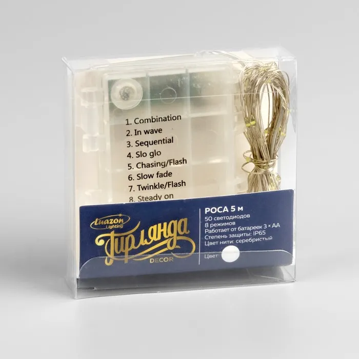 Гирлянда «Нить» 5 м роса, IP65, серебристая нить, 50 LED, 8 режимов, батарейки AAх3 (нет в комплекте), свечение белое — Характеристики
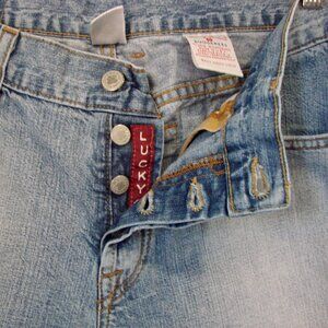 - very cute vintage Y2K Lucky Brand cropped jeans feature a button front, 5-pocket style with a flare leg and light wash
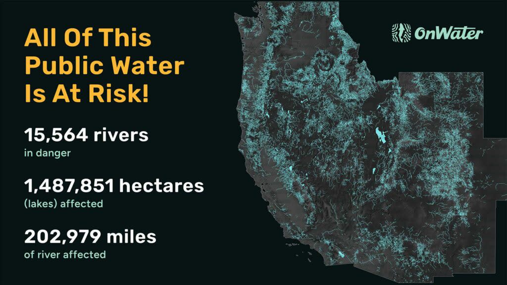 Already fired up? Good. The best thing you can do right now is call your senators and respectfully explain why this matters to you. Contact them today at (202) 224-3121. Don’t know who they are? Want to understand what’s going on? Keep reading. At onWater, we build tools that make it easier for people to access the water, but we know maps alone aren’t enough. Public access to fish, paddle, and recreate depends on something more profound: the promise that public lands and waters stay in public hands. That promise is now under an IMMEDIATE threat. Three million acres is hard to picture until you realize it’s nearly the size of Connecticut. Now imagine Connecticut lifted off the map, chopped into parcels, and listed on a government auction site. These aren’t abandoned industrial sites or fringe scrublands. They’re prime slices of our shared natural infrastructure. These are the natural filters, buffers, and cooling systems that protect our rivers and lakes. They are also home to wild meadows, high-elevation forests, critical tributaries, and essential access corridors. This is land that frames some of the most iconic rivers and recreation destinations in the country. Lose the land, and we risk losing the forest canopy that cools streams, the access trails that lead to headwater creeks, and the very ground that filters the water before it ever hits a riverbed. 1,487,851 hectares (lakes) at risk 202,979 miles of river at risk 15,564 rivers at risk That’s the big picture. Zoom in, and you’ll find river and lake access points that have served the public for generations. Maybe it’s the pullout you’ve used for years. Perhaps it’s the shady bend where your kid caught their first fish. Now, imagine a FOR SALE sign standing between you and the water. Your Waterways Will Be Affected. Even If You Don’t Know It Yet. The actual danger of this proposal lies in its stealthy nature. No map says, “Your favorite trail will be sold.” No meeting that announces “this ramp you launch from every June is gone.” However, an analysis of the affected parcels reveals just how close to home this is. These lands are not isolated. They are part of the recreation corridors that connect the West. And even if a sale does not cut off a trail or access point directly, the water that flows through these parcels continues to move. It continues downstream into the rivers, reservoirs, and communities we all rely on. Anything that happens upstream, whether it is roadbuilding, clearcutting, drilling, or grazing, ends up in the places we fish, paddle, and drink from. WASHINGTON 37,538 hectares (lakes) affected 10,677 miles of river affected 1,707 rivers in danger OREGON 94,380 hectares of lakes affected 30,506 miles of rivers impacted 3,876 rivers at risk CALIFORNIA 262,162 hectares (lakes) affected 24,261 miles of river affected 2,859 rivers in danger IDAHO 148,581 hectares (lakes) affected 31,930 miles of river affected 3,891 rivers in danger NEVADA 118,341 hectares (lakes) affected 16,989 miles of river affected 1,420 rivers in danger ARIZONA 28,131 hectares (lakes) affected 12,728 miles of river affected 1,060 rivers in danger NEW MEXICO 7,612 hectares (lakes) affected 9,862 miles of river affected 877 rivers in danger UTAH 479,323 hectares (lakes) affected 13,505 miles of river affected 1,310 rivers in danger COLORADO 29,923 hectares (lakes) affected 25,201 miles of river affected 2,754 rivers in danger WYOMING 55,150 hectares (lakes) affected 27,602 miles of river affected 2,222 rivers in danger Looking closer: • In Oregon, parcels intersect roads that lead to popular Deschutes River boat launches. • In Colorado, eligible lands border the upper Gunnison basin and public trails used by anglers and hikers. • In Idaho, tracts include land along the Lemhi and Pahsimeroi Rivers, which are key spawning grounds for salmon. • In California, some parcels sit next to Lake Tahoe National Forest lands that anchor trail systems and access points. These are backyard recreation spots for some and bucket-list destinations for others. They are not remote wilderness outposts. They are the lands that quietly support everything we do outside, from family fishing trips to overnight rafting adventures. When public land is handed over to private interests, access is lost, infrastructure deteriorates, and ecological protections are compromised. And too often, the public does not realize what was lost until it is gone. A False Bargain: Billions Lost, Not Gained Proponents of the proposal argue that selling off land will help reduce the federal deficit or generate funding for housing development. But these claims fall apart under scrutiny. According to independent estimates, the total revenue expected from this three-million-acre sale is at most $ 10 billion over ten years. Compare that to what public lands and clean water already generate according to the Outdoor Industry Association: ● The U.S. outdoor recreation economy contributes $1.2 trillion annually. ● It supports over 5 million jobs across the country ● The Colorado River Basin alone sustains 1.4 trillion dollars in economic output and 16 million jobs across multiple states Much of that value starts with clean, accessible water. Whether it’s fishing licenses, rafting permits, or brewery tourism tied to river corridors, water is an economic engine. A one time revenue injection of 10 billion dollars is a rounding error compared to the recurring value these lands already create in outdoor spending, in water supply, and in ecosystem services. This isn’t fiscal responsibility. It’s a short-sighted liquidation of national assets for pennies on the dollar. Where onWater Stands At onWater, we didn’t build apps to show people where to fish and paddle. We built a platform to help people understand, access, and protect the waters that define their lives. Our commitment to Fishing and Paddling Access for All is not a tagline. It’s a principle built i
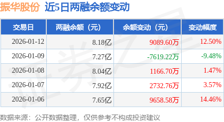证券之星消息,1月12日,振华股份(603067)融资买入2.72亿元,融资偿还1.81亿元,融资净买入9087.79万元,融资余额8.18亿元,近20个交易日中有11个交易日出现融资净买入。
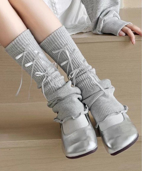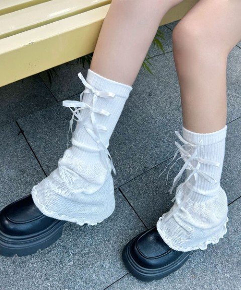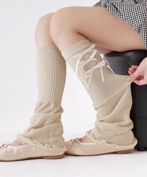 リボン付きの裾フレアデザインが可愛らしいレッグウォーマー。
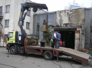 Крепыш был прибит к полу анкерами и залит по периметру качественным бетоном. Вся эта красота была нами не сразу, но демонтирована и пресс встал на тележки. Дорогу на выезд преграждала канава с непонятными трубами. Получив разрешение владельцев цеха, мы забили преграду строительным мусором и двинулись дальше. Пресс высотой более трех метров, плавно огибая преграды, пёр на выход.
---
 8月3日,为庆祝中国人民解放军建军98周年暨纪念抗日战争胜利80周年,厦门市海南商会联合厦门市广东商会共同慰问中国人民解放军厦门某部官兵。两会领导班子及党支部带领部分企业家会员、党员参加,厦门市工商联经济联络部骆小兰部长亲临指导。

- **Work to complete**
The stretch above running from the line with "リボン付きの裾フレアデザインが可愛らしいレッグウォーマー。" through the line with "Крепыш был прибит" is all you should copy, exactly, leaving out the pictures.

- **Expected answer**
 リボン付きの裾フレアデザインが可愛らしいレッグウォーマー。
 Крепыш был прибит к полу анкерами и залит по периметру качественным бетоном. Вся эта красота была нами не сразу, но демонтирована и пресс встал на тележки. Дорогу на выезд преграждала канава с непонятными трубами. Получив разрешение владельцев цеха, мы забили преграду строительным мусором и двинулись дальше. Пресс высотой более трех метров, плавно огибая преграды, пёр на выход.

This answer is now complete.